Le phénomène  littéraire et éducatif de la rentrée ne vous a pas échappé… Il s’agit de l’ouvrage de Céline Alvarez. Il est rare pourtant qu’un sujet éducatif se transforme en succès d’édition. Qu’est-ce qui a bien pu convaincre 85000 lecteurs de dépenser 15 euros pour qu’on leur parle (encore !) de l’école ? L’étonnement est à son comble lorsqu’on en découvre le titre : « Les lois naturelles de l’enfant ». Nous qui pensions que l’arrivée de la théorie du genre à l’école avait effacé toute référence à la nature…

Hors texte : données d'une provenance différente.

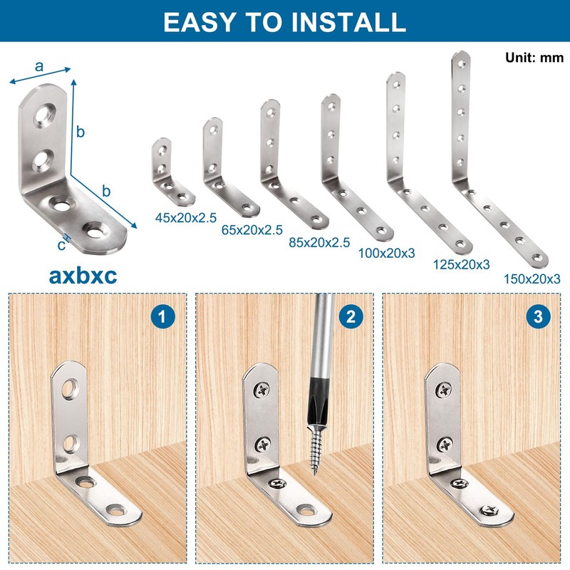 - Premium Material: The L shaped brackets are made of stainless steel, which is sturdy and durable, corrosion resistance, comfortable texture and long service life.

Le fruit d’une expérience scientifique

Non, ce livre n’a rien d’un succès improvisé. Il se construit depuis sept ans exactement. Date à laquelle l’auteure a entrepris une démarche scientifique auprès d’enfants. Il se base sur un constat simple : les sciences du développement humain nous décrivent les grandes lois universelles qui régissent l’apprentissage et l’épanouissement harmonieux de l’être humain. Ces lois exigent notamment que l’enfant apprend par son activité autonome, au sein d’un environnement riche et sécurisant, avec des enfants d’âges différents, et guidé par un étayage individuel et bienveillant. Pour tester cette conviction, l’auteure, linguiste de formation, entre en 2009 dans le système éducatif national en passant le concours de professeur des écoles. Elle demande alors au conseiller du ministre de l’Éducation nationale des conditions « extraordinaires » pour mettre en place son expérience : une école implantée dans un quartier défavorisé, une classe d’âges mélangés, des tests scientifiques annuels pour mesurer les progrès des enfants, une carte blanche pédagogique totale.

L’enseignante est convaincue qu’en respectant les lois naturelles de l’enfant plutôt qu’en luttant contre, les problèmes majeurs liés à l’école disparaissent : échec, montée de la violence, etc.

Montessori : un point de départ

Pour mener son expérience, Céline Alvarez a adopté comme point de départ le travail de Maria Montessori qui, dès 1907, avait ouvert la voie d’une telle démarche scientifique. À ce stade de l’expérimentation, l’enseignante a mis en pratique le développement des compétences exécutives, aujourd’hui largement reconnues comme étant les fondations biologiques de l’apprentissage et de l’épanouissement global. Ces compétences se développent à grande vitesse entre trois et cinq ans, leur bon développement a donc été une grande priorité dans la classe. Les activités de langage ont également été retravaillées, simplifiées, et adaptées aux particularités de la langue française.

Des résultats bluffants qui expliquent l’engouement

Dans la classe de Céline, la majorité des enfants ont su lire bien avant leur entrée au CP, certains pouvant même compter jusqu’à mille ou faire des additions à quatre chiffres. Tout ça en ayant développé une sérénité et une confiance en eux manifeste. De tels résultats ne manquent pas de séduire, dans un contexte où l’école est le catalyseur de toutes les angoisses : échec, violence, creusement des inégalités…

Si cette enseignante-chercheuse dit vrai, c’est le ministère de l’Education Nationale qui devra revoir sa copie et oublier la théorie du genre comme une émancipation vis-à-vis d’une prétendue loi inscrite dans l’être humain.